• [Task to carry out]
Identify the line with "置物架 收納架 家庭健身器材收納架"; copy word for word that line and every one after it, to the end of the listing. Exclude pictures.

• [Provided entries]

= = = =

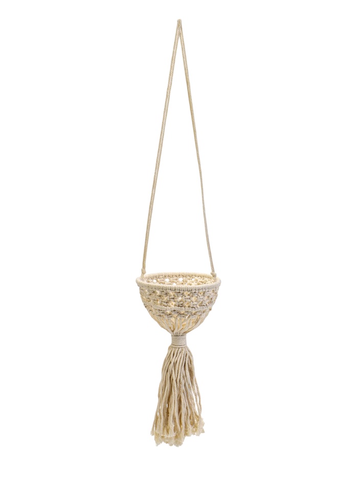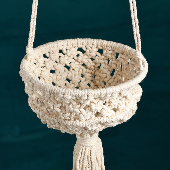Кашпо - макраме «Луна», 15×15×12 см, текстиль, подвесное, бежевое
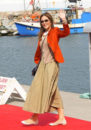 Toujours en croisière estivale, Mary de Danemark enchaîne les apparitions et le moins que l'on puisse dire est qu'elle maîtrise l'art de s'habiller pour chaque occasion. Le 27 août dernier, elle est apparue au port d'Østerby et portait une tenue estivale composée d'une jupe midi fluide de couleur beige, surmontée d'une veste originale. Le point fort de cet ensemble était donc cette veste courte et vive, d'un orange intense. Des ballerines plates et des lunettes de soleil complétaient ce look parfait pour une balade en bord de mer.
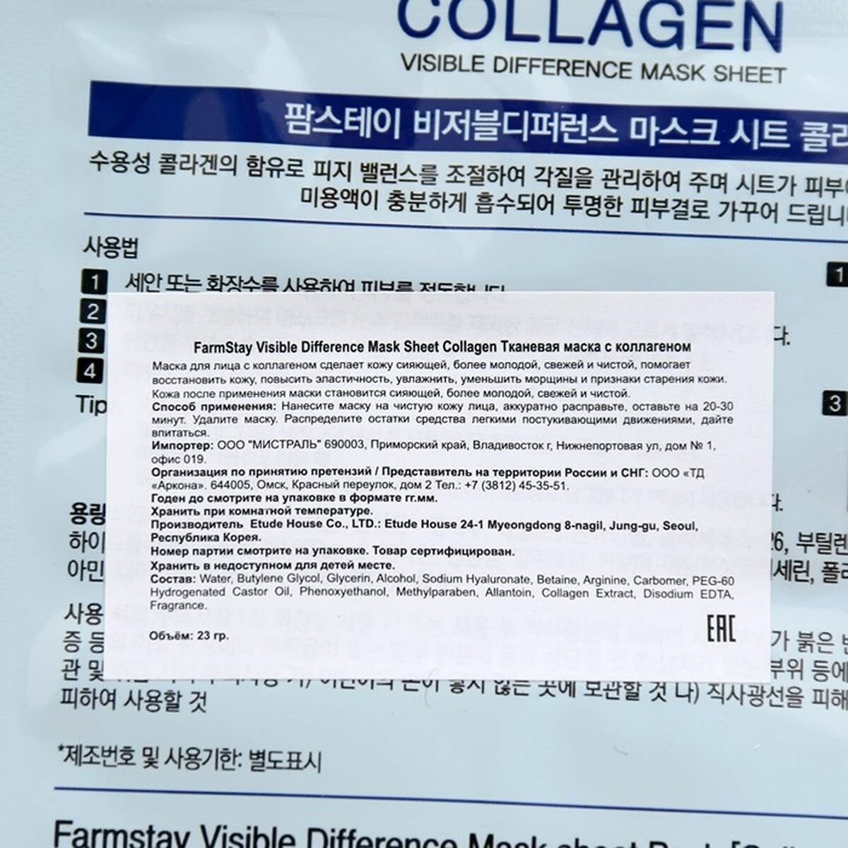 Тканевая маска для лица с коллагеном Farmstay, 23 мл, 2 шт. интересное:
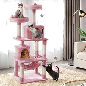 Amazon Com Yaheetech 62 2in Cat Tree Large Cat Tower Cat Activity Center With Hammock Cat Condo Scratching Posts Pink Pet Supplies
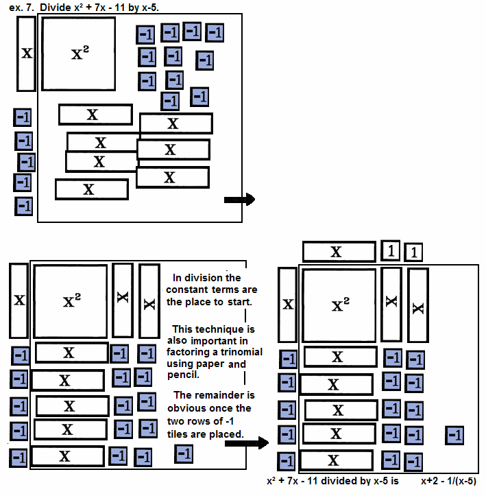 ex. 7. | Divide x² + 7x - 11 by x-5.  |
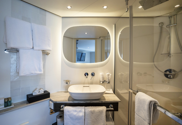Ausstattung: Dusche/WC, Fön, individuell regulierbare Klimaanlage, SAT-TV (Flachbildschirm), Radio, Minibar, Kaffeemaschine, Safe, Telefon. Die Bordspannung liegt bei 230 V Wechselstrom. Die Betten lassen sich wahlweise als Doppel- oder Einzelbetten stellen.  Kabinengröße ca. 17 qm.
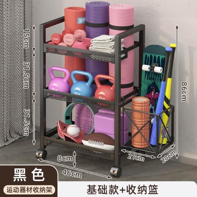 置物架 收納架 家庭健身器材收納架 運動健身器材收納架家用籃球架壺鈴啞鈴架泡沫軸瑜伽墊置物架帶輪
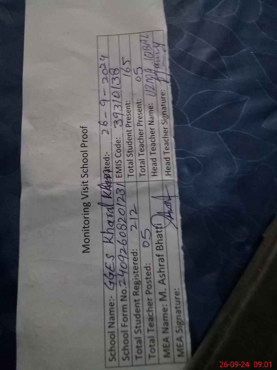| Name: Uz**** Iq**** Designation: (School Headmaster's/Headmistress's) Sst Phone/Cell Number: 03**** |
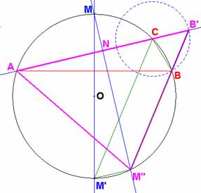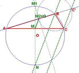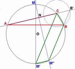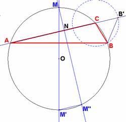 Al prolongar los segmentos MO y MN, determinamos en la circunferencia los puntos M' y M'', respectivamente. Así se verifica la igualdad entre los ángulos inscritos en la misma circunferencia <M'MM'' y <A, por estar formados por pares de lados perpendiculares entre sí. De esta manera se dará la igualdad entre las cuerdas M'M'' y BC. Si ahora prolongamos el lado AC y sobre esta recta determinamos el punto B' de modo que CB' = CB, entonces en el triángulo isósceles CB'B, se tiene que el ángulo B' es igual a C/2. Si trazamos la bisectriz del ángulo C en el triángulo ABC, dicha bisectriz cortará a la circunferencia en M'. Por otro lado, el ángulo inscrito M''MA es igual a C/2. Así, de este modo, los puntos B', B y M'' han de estar alineados ya que el ángulo exterior en B del triángulo ABB' deberá ser igual a C/2 + A. Luego si prolongamos el lado B'B obtenemos la figura inscrita en la circunferencia BM''M'C que no es otra que un trapecio isósceles. Por tanto, los ángulos en la base son iguales y así, el ángulo inscrito CM'M'' = C/2 es igual también al ángulo inscrito CAM''. Hemos probado así que el triángulo AB'M'', es isósceles con ángulos iguales en A y B' y así tenemos que el segmento NM'' es la mediatriz del mismo. En definitiva, el punto N es el punto medio del lado AB', y así, AN = NB'. Como NB' = NC + CB' = NC + CB, entonces: AN = NC + CB . |

= = = =

• [Solution for this exercise]
 置物架 收納架 家庭健身器材收納架 運動健身器材收納架家用籃球架壺鈴啞鈴架泡沫軸瑜伽墊置物架帶輪
| Name: Uz**** Iq**** Designation: (School Headmaster's/Headmistress's) Sst Phone/Cell Number: 03**** |
 Al prolongar los segmentos MO y MN, determinamos en la circunferencia los puntos M' y M'', respectivamente. Así se verifica la igualdad entre los ángulos inscritos en la misma circunferencia <M'MM'' y <A, por estar formados por pares de lados perpendiculares entre sí. De esta manera se dará la igualdad entre las cuerdas M'M'' y BC. Si ahora prolongamos el lado AC y sobre esta recta determinamos el punto B' de modo que CB' = CB, entonces en el triángulo isósceles CB'B, se tiene que el ángulo B' es igual a C/2. Si trazamos la bisectriz del ángulo C en el triángulo ABC, dicha bisectriz cortará a la circunferencia en M'. Por otro lado, el ángulo inscrito M''MA es igual a C/2. Así, de este modo, los puntos B', B y M'' han de estar alineados ya que el ángulo exterior en B del triángulo ABB' deberá ser igual a C/2 + A. Luego si prolongamos el lado B'B obtenemos la figura inscrita en la circunferencia BM''M'C que no es otra que un trapecio isósceles. Por tanto, los ángulos en la base son iguales y así, el ángulo inscrito CM'M'' = C/2 es igual también al ángulo inscrito CAM''. Hemos probado así que el triángulo AB'M'', es isósceles con ángulos iguales en A y B' y así tenemos que el segmento NM'' es la mediatriz del mismo. En definitiva, el punto N es el punto medio del lado AB', y así, AN = NB'. Como NB' = NC + CB' = NC + CB, entonces: AN = NC + CB . |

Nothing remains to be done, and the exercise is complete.